Cette vieille histoire ressemble à celle d’aujourd’hui et à tellement d’autres déjà vécues en Belgique (Renault Vilvorde, Arcelor Mittal-Liège, Opel Anvers, Duferco La Louvière, Ford Genk, Volkswagen Forest…), sauf que, dans le roman, ce n’était pas une multinationale qui mettait la vie de travailleurs en péril, mais des banques. Steinbeck considérait à ce propos qu’« il se trouve que chaque homme dans une banque hait ce que la banque fait, et cependant la banque le fait. La banque est plus que les hommes. C’est le monstre. Ce sont les hommes qui l’ont créé, mais ils sont incapables de le diriger. » L’écrivain nous parlait aussi de ce directeur financier américain venu expliquer aux travailleurs belges qu’ils étaient très bons mais que – désolé – il y en avait de plus rentables qu’eux. Dans le roman, ce directeur avait les traits d’un conducteur de bulldozer qui aplatissait les fermes pour forcer le départ de leurs occupants. Et Steinbeck écrivait : « L’homme assis sur son siège de fer (…) faisait partie du monstre, un robot. Il fonçait droit dans la campagne, coupait à travers une douzaine de fermes, puis rebroussait chemin. Un coup de volant aurait fait dévier la chenille, mais les mains du conducteur ne pouvaient pas tourner parce que le monstre qui avait construit le tracteur avait trouvé le moyen de pénétrer dans les mains du conducteur, dans son cerveau, dans ses muscles, lui avait bouché les yeux, avait paralysé son esprit, avait muselé sa langue, avait paralysé ses perceptions, avait muselé ses protestations. »

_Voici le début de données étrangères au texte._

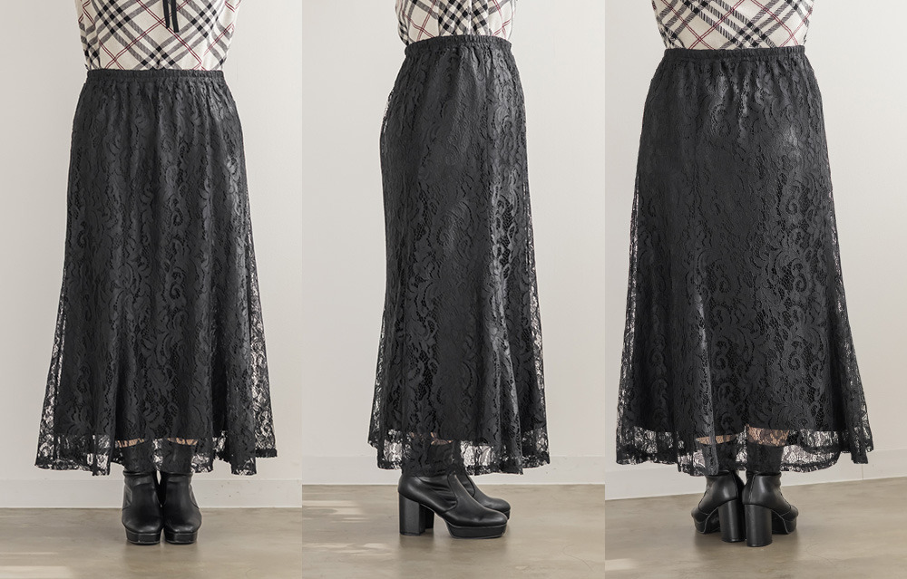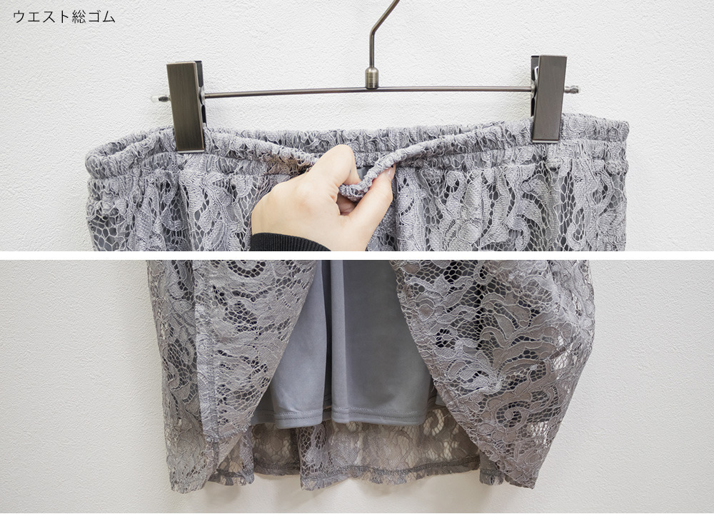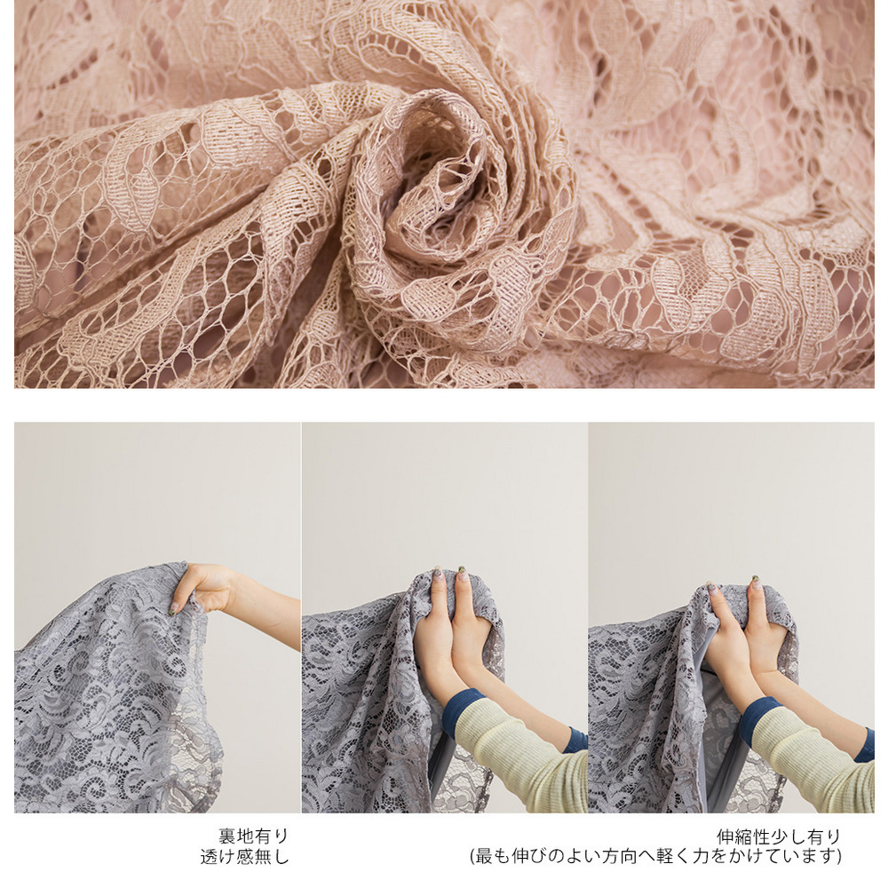素材 ■素材 【表地】ポリエステル100%、【裏地】ポリエステル100% ■裏地・透け感・伸縮性 裏地有り、透け感無し、伸縮性無し ■ポケット 無し ■生地感 伸縮性のないレース生地にさらりとした伸縮性のない裏地付き。

Aux métayers, ce conducteur disait : « Les temps ont changé, vous devriez le savoir. On ne peut plus vivre de sa terre maintenant. »
Un expulsé lui avait répondu :
« Faut que je réfléchisse. Faut qu’on réfléchisse tous. Y a sûrement moyen d’arrêter ça. Ce n’est pas comme le tonnerre ou les tremblements de terre. Y a là quelque chose de mauvais qui a été fait par les hommes et faudra bien que ça change, nom de Dieu ! »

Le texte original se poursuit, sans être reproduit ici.